Recently I’ve been wanting to have some kind of power back system for my home server setup. Just a little project of mine. Though it would be cool to have in-case of an unexpected power failure while doing data critical stuff. Also I use the server to record CCTV images from a camera mounted at the back of the house, so having a power back-up system is a good idea. Rather than going the usual route of using a standard mains voltage UPS converting AC-DC-AC then back to DC from the server PSU. I thought I'd get and try out the picoUPS and a picoPSU from minibox.com. Since my server uses a low power Intel Atom mini ITX board i thought it would maybe save some power, because no power conversion would be needed.

Here's the picoUPS-100 from LinITX.com and a picoPSU-80-WI off ebay. From an Mini-Box authorized reseller!  (I colour coded the spade connectors with red and black maker pens)









































The picoUPS-100 is a miniature UPS with an on-board lead acid battery charger. And will automatically switch to battery when power from the input is lost. But in order to charge the battery properly the picoUPS needs 15-18v. So I used a 16V 4A laptop power brick from an old Sony viao laptop. While in normal operation the Pico UPS will output the same voltage as supplied, In my case 16V. Then when the power fails on the input the pico UPS switches to the battery dropping the voltage to 12V. Because of this a picoPSU with a wide input voltage must be used. As the standard picoPSU (80w and 120w) runs on 12v DC only so can not be used. So I used a picoPSU-80-WI that will run on anything from 12v to 32v. I also added some PCB feet to the UPS board so it can be mounted on something in future. For my backup battery I’m using a new Yuasa 12v 12Ah SLA off ebay.
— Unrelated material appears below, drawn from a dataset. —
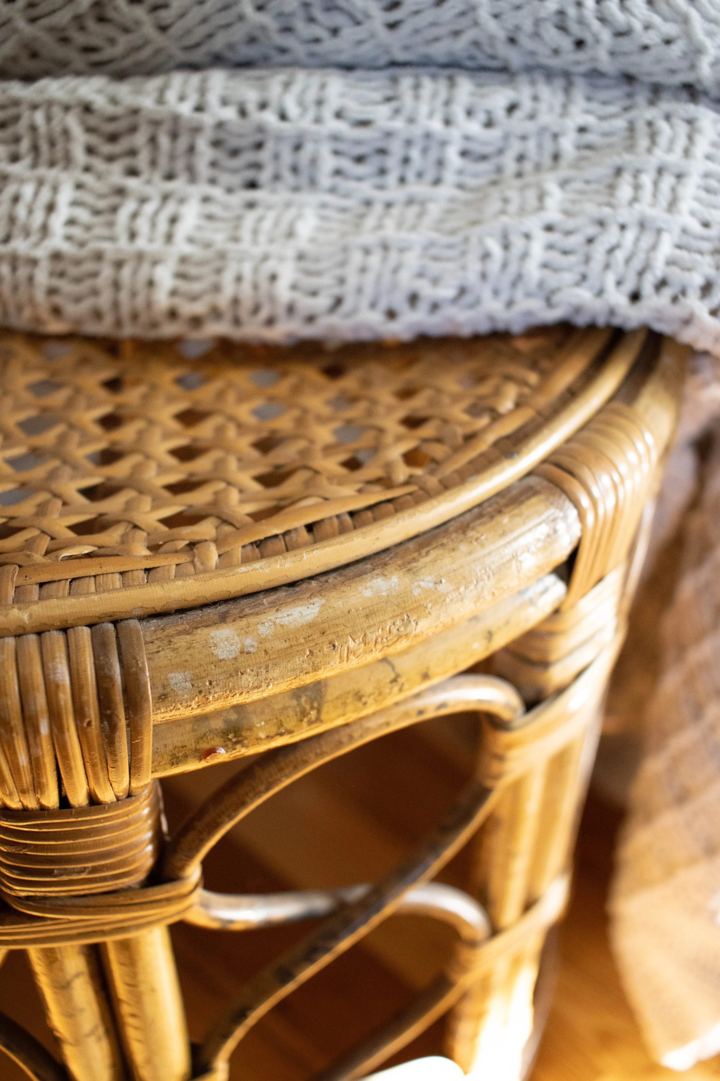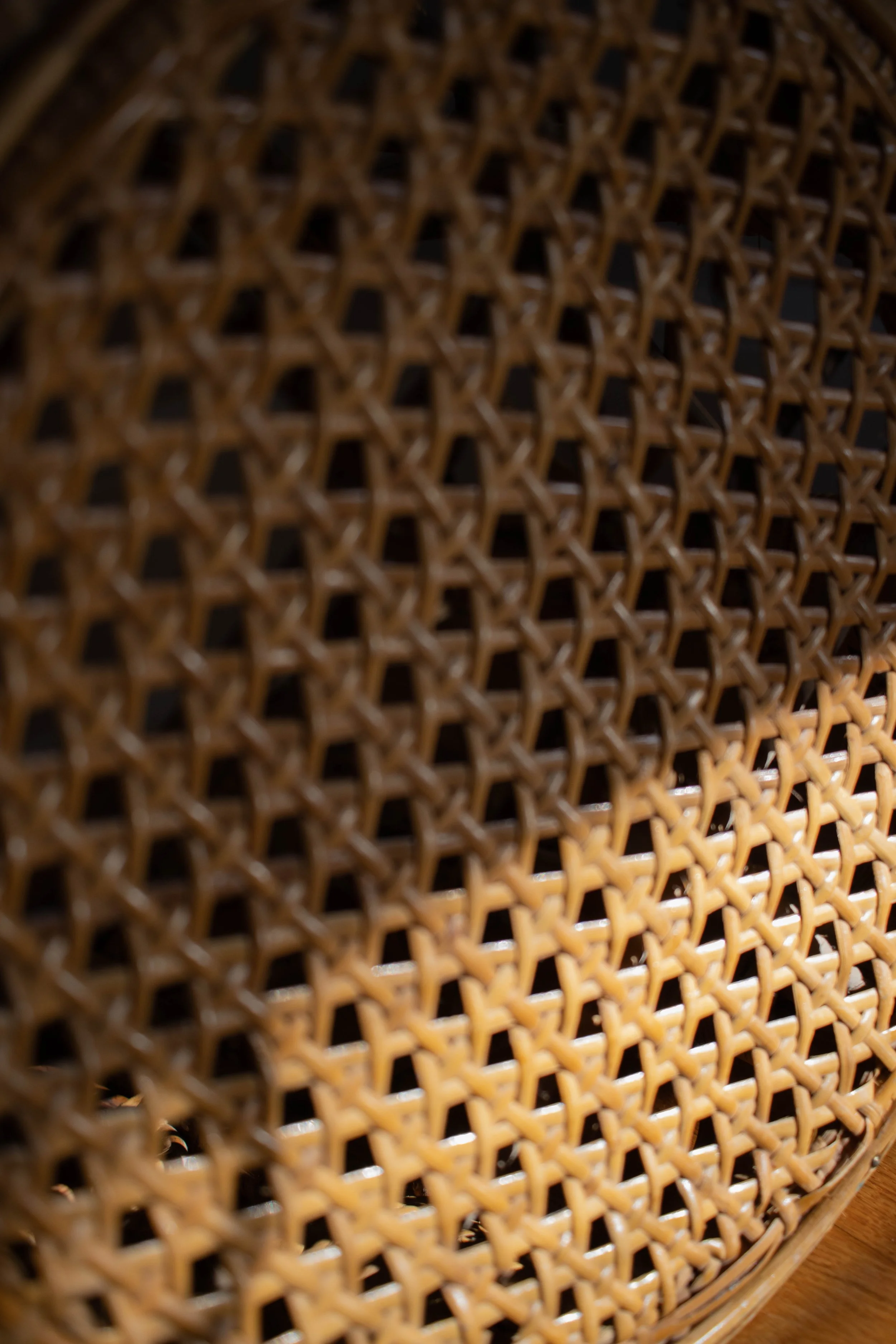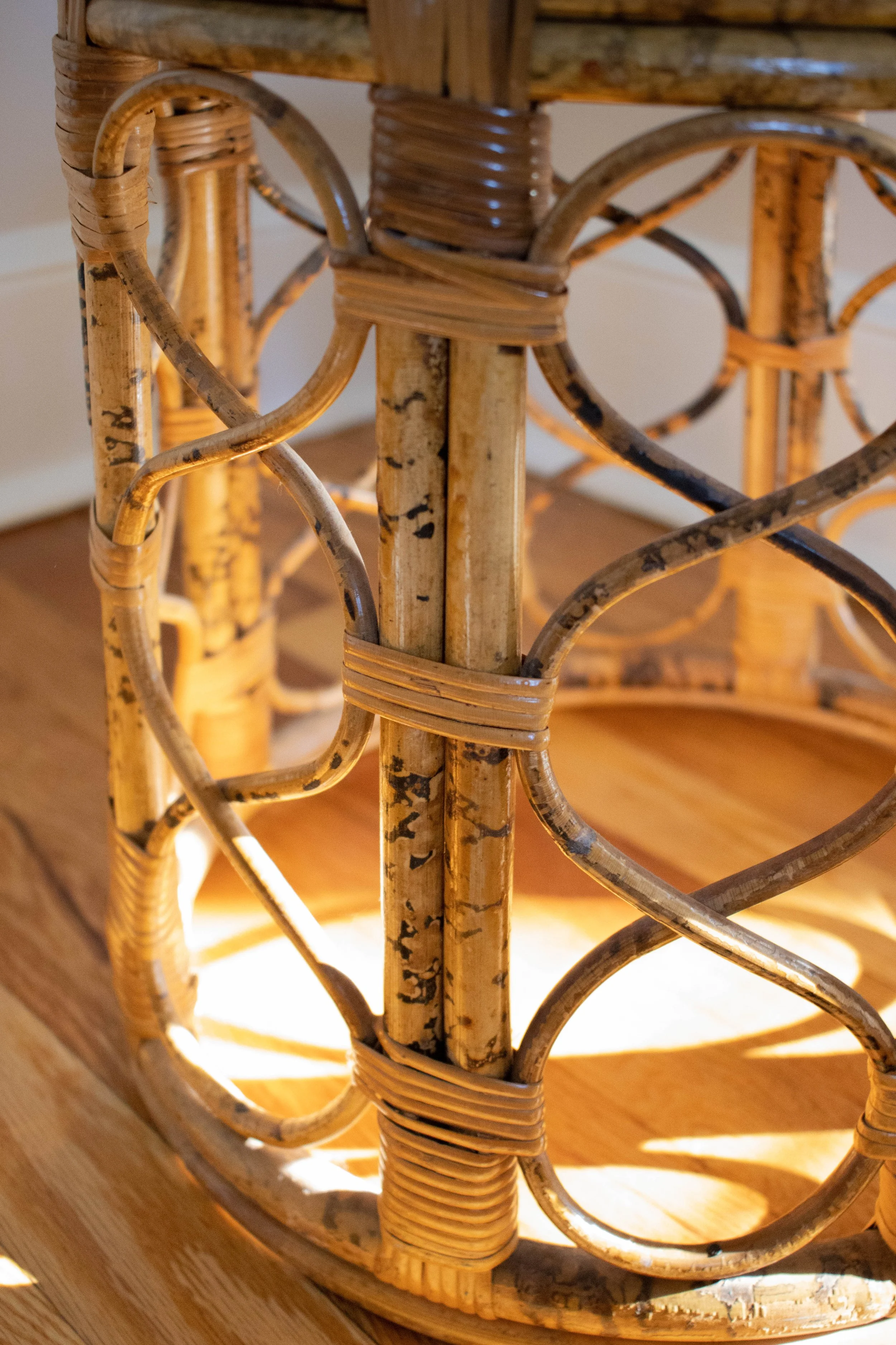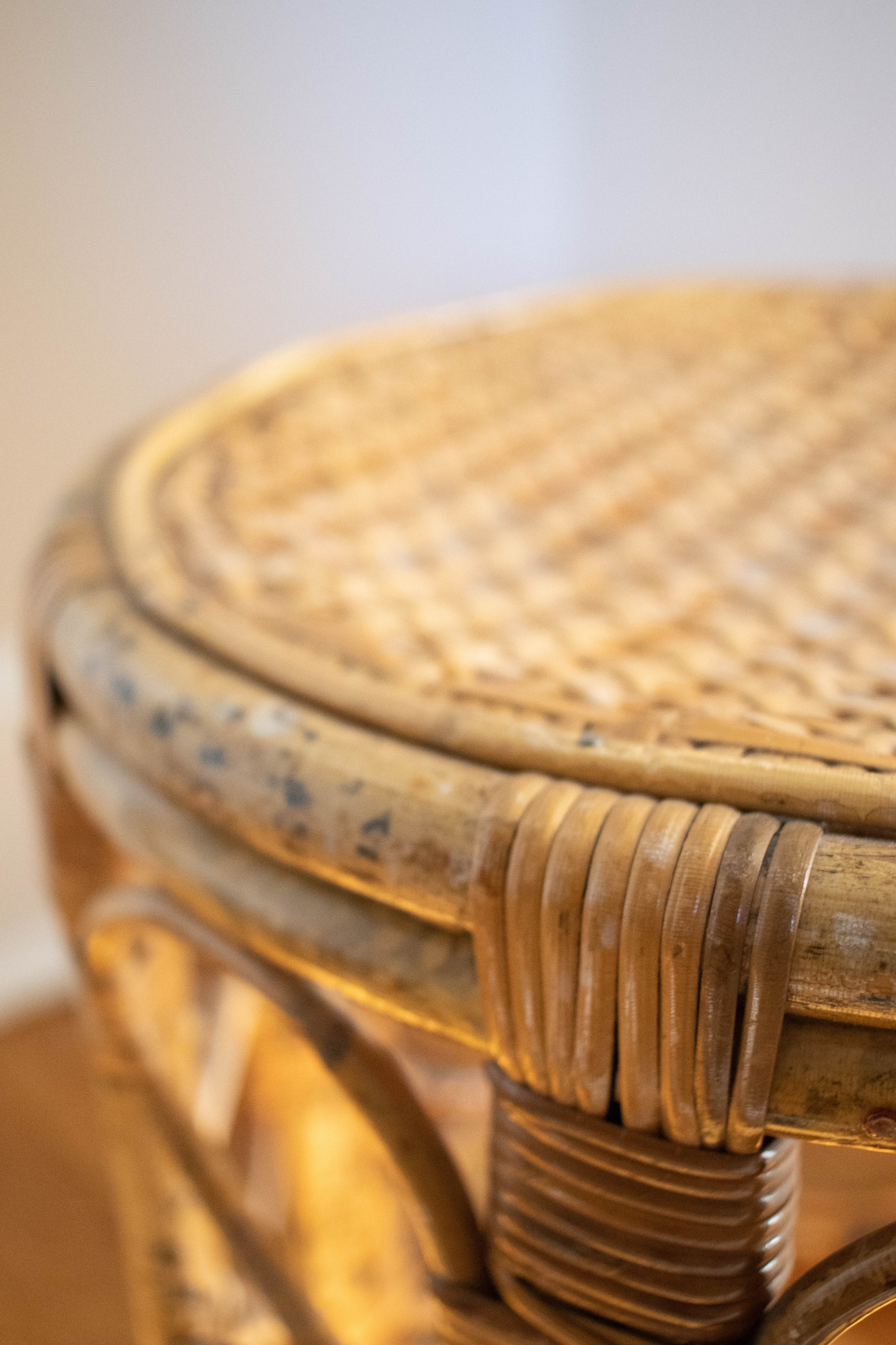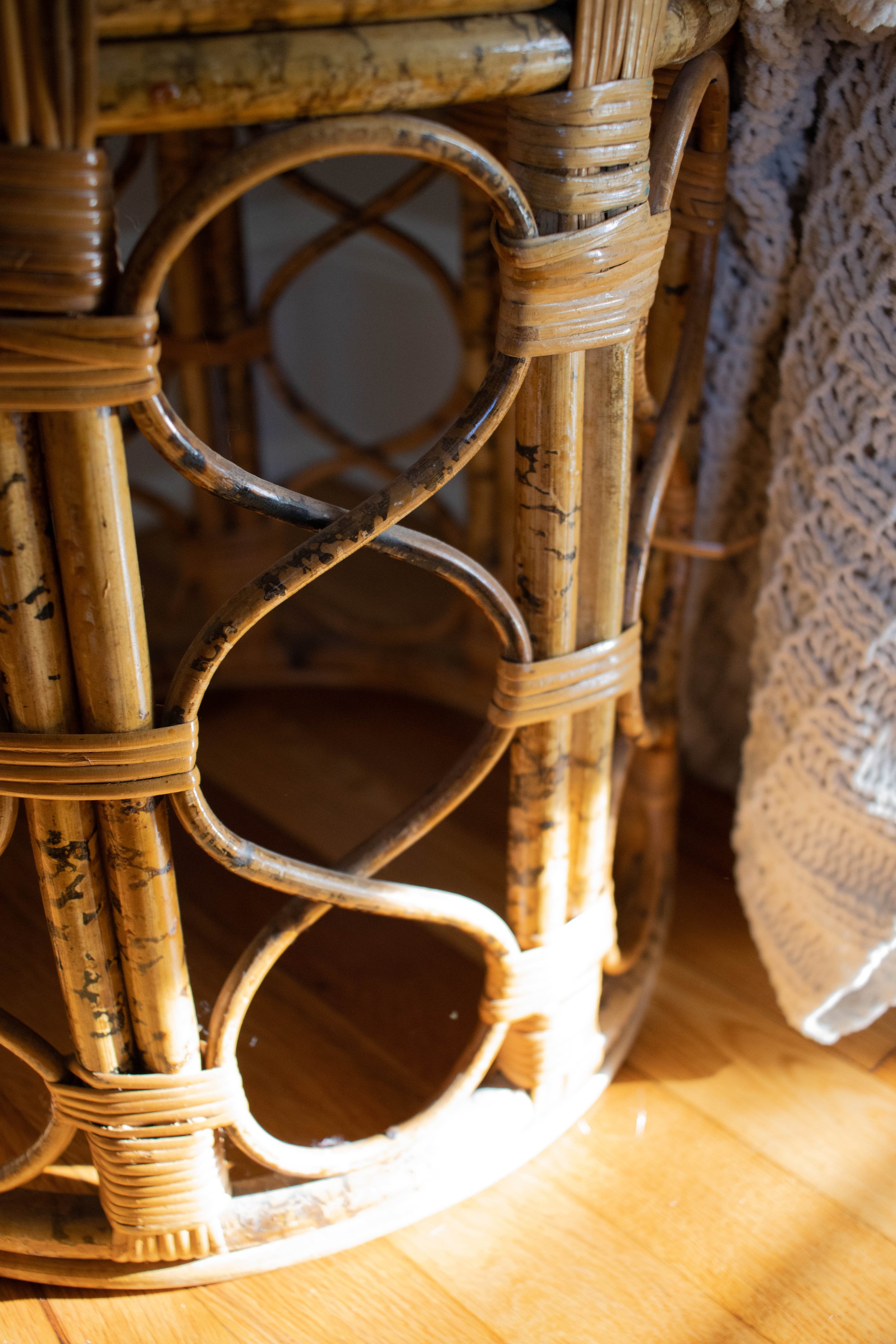 A superb mid-century rattan & bamboo side table circa 1960. This is a stylish round accent table with wicker caned woven top and elegant bentwood details. The table also features a tortoiseshell patina finish that adds to the depth and value of the piece. Can be used as an end table, drinks table, accent table, bedside table, (shown as a storage basket) or wherever your imagination takes you! Top it with round glass for even more functionality. 16ʺ H × 14” D.

Here's my mini itx home server setup:

(In case you're wondering its a Intel Atom D410PT, 512Mb RAM and 250GB HDD)

 


















I removed the standard ATX PSU from the case. (It was located at the front of the case, I forgot to take pictures of it!.)
 




















Then installed the PicoPSU-80-WI.

















  



















The cables that come with the picoUPS had to be modified to suit my needs. I added a 2.5mm DC power connector and swapped the spade connectors for some wider ones as the ones supplied would not fit the battery terminals. 

 


















Now here’s the complete setup running, with the picoUPS, battery, 16v 4A PSU and the home server. (Note all the old stickers on the shelf! It used to be part of a wardrobe, from when I was 10 years old. LOL)








































I tested how long the battery would last during a loss of power. It kept the system up and running for nearly 4 hours! Quite amazing! I kept an eye on the battery voltage to make sure that it doesn't go below 12v. While running on battery the voltage drops slowly from around 12.60v to 11.80v. Over the 4 hours that I tested, my battery voltage got to 12.32v before I restored power to the system. So it has the potential to run for longer. The picoPSU does not have under voltage shut down so the lowest voltage i would let it run to would be 11.90v. In a real power cut, I should be able to shut down the server before the battery voltage gets too low. So there you have it my UPS project.

More information about the picoUPS:



Other poeple using the picoUPS:


1 comment:

  1. Interesting. I happening to be building something similar (albeit a lot larger, with four NP12-12S's).

    I would put an ATO inline fuse *right* next to the positive terminal of the battery if I were you. If something metal were to fall on your UPS PCB, or it were to develop a fault, you have an instant fire.